Program: Oral and Poster Abstracts
Session: 722. Clinical Allogeneic Transplantation: Acute and Chronic GVHD, Immune Reconstitution: Poster II
Our previously performed study could demonstrate that monocytes isolated from patients with acute or chronic GvHD grade I-IV (n=13) induced significant higher percentages of IL-17-producing Th17 cells compared to monocytes from healthy donors (n=32) or patients without GvHD after HCT (n=21) (p<0.001). To further investigate the role of monocytes in the pathogenesis of GvHD the influence of classical, non-classical and intermediate monocytes on the induction of pro-inflammatory MDR1+CCR6+CXCR3hiCCR4loCCR10-CD161+ Th17.1 cells was investigated in the present study. Therefore, these monocyte subtypes were isolated from peripheral blood mononuclear cells (PBMCs) by magnetic cell isolation technology and were co-cultured with isolated CD4+ T cells. The obtained results could show that intermediate and non-classical monocytes induced higher percentages of pro-inflammatory MDR1+CCR6+CXCR3hiCCR4loCCR10-CD161+ Th17.1 cells compared to classical monocytes or whole monocyte population. Additionally, the influence of glucocorticoids used for the treatment of patients with GvHD and the Hsp90 inhibitor 17-Dimethylaminoethylamino-17-demethoxygeldanamycin (17-DMAG) was examined on the development of MDR1 expressing Th17.1 cells in vitro. Therefore, monocytes were co-cultured with CD4+ T cells in the presence and absence of prednisolone, dexamethasone and 17-DMAG. First data demonstrated that treatment of these co-cultures with glucocorticoids resulted in elevated levels of induced pro-inflammatory MDR1+Th17.1 cells. In contrast, addition of the Hsp90 inhibitor 17-DMAG to the co-cultures led to decreased levels of these pro-inflammatory Th17 cells compared to the untreated control.

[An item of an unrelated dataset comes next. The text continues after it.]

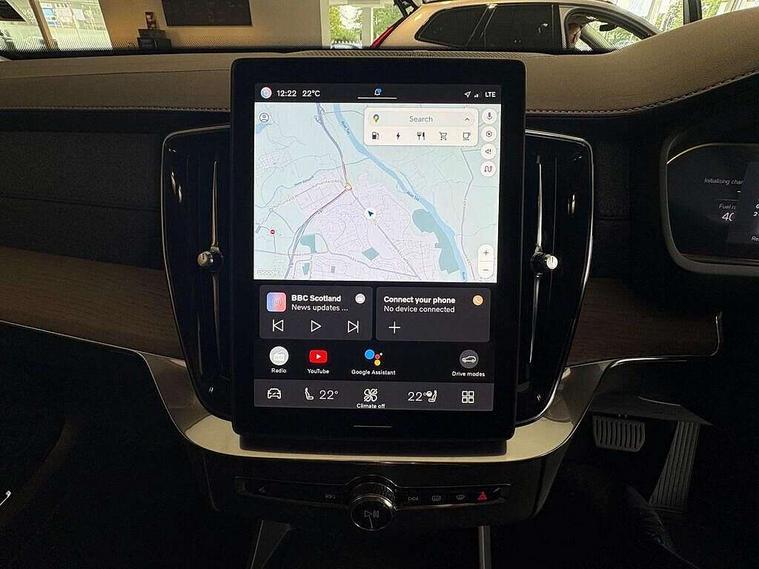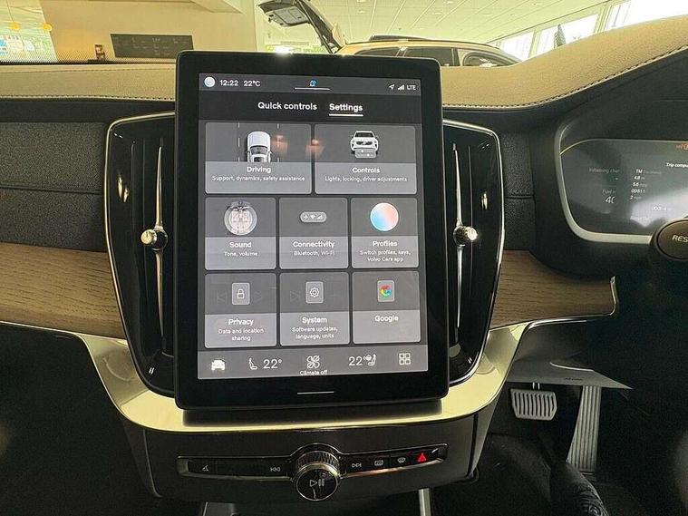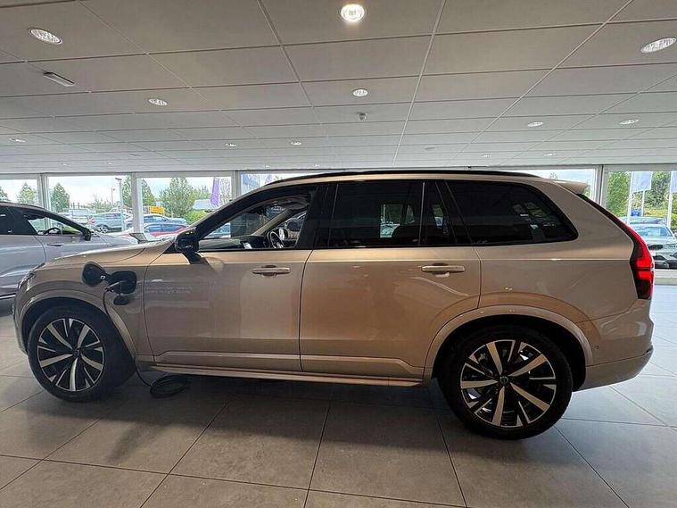 11.2" centre console touch screen, 12.3" Progressive Driver Display, 360 degree surround view parking camera with side proximity sensors, Adjustable steering wheel force, Apple carplay (wired), Bluetooth handsfree system, Drive mode settings, Driver alert control with lane keeping aid, Driver assistance (pilot assist and adaptive cruise control), Driver awareness - Blind spot information system with steer assist, cross traffic alert with autobrake and rear collision warning and mitigation, Driver monitoring system, Emergency call service, Front and rear park assist, Google Automotive Services - Navigation with Voice recoginition and google assistant, Handsfree power tailgate opening and closing, Intelligent speed assistance, Oncoming Lane Mitigation, PAS, Power operated tailgate, Service interval indicator, Speed sensitive steering, Trip computer, Volvo on call, Wireless/Inductive Mobile Phone Charging, 6m 3 phase 16amp Type 2 / mode 3 charge cable, 8 speed automatic transmission with start/stop + manual change functions, Active four C chassis - four corner adaptive dampers with electronic air suspension, Electric rear axle drive, Lithium-ion battery, On board charger - 6.4 kW 2 phase/3.7kW single phase, Recharging port located in nearside front wing, DAB Radio (Digital Audio Broadcasting), Low speed exterior sound speaker, Premium Sound by Harman Kardon, dirac unison, dolby pro logic II surround sound, 13 speakers/600W output and fresh air subwoofer, Steering wheel remote infotainment controls, Adaptive brake lights with high level LED brake lights, Auto dimming interior + exterior mirrors, Auto folding and heated power door mirrors, Automatic headlight levelling system, Automatic matrix LED headlights with Adaptive shadow technology and Active high beam, incorporating Day running lights, Body colour bumpers, Front and rear power windows, Headlight cleaning system, Heated front windscreen, High gloss black door mirrors and window surround, High gloss black front and rear bumper deco, High gloss black front grille and deco, Home safe and approach lighting, Integrated roof rails in high gloss black, Power glass tilt and slide panoramic sunroof with sun curtain, Puddle lights, Rain sensor with automatic windscreen wiper activation, Rear side wing doors, Rear wash/wipe with intermittent wipe setting, Roof antenna, Roof spoiler, Visible VIN plate, 12V socket in luggage compartment, 2nd Row centre armrest with and cupholders, 3 Spoke tailored sport steering wheel with chrome trim, 4 zone electronic climate control with Clean zone air quality system + pollen filter, A-pillar parking ticket holder, Air conditioning for 3rd row of seats, Air purifier PM2.5, Ambient door and instrument panel lighting, B Pillar ventilation, Bright metal luggage scuff plate, Centre console cupholders and storage, Floor mats, Front and rear courtesy lights, Front and rear door pocket illumination, Front footwell and side step illumination, Front headrests, Front reading lights, Front seat cushion extensions, Front tunnel storage illumination, Glovebox compartment light, Heated front seats, Heated rear seats, Heated steering wheel, Height/reach adjustable steering column, Illuminated front and rear aluminium tread plates, Illuminated luggage compartment, Illuminated tailgate, Illuminated vanity mirrors + ticket holder, Inner door release handle illumination, Isofix outer rear child seat preparation in 2nd row, Load cover, Load protection net, Lockable glovebox compartment, Luggage compartment divider with grocery bag holder, Nordico quilted upholstery, Outboard armrest with cupholder and storage for third row passengers, Power driver seat with multi directional lumbar support and memory for seat and exterior mirrors, Power folding 2nd row headrests, Power passenger seat with multi directional lumbar support and memory, Rear footwell and side step illumination, Rear headrests, Rear reading lights, Second row integrated child seat for centre seat, Single front passenger seat, Textile headlining, Three 2nd row individual folding passenger seats with fore/aft adjustment, Two 3rd row individual folding passenger seats, Underfloor luggage compartment storage, 7 three point seatbelts, City safety with steering support includes pedestrian, cyclist detection, front collision warning with full auto brake and rear auto brake, Driver and passenger airbags, Drivers knee airbag, First aid kit, Front seats SIPS airbags, Hill descent control - off drive mode, Hill start assist, IC (Inflatable Curtains) - Full Length, Passenger airbag cut-off switch, Power child locks on rear doors, Power parking brake with auto hold function, Road sign information display, Run off Road Protection, Seatbelt reminder and pretensioners for all seats, SIPS (Side Impact Protection System), Slippery road and hazard light alert, Stability and Traction Control with Spin control, Engine Drag Control and Corner Traction Control, Tyre pressure monitoring system, Vehicle deceleration control with Anti-lock Brake System, Electronic Brake Distribution and Emergency Brake Assist, Warning triangle, WHIPS whiplash protection system - front, 2x Key integrated remote control central locking + deadlocking system and auto open/close windows, Anti-theft alarm including immobiliser/volume sensor + level sensor, Keyless drive includes keyless entry and keyless start, Locking wheel nuts, Tailored instrument panel and door tops, Tyre sealant kit and compressor,

In conclusion, our findings suggest that intermediate and non-classical monocytes trigger the induction of pro-inflammatory MDR1+CCR6+CXCR3hiCCR4loCCR10-CD161+ Th17.1 cells and might therefore play a major role in the pathogenesis of GvHD. While glucocorticoids seem to promote the development of MDR1 expressing Th17.1 cells, the Hsp90 inhibitor 17-DMAG acts anti-inflammatory leading to decreased levels of induced pro-inflammatory Th17 cells. Thus, the chaperone Hsp90 could be an important regulator in monocyte-induced development of pro-inflammatory MDR1+Th17.1 cells and might therefore be a therapeutic target for GvHD.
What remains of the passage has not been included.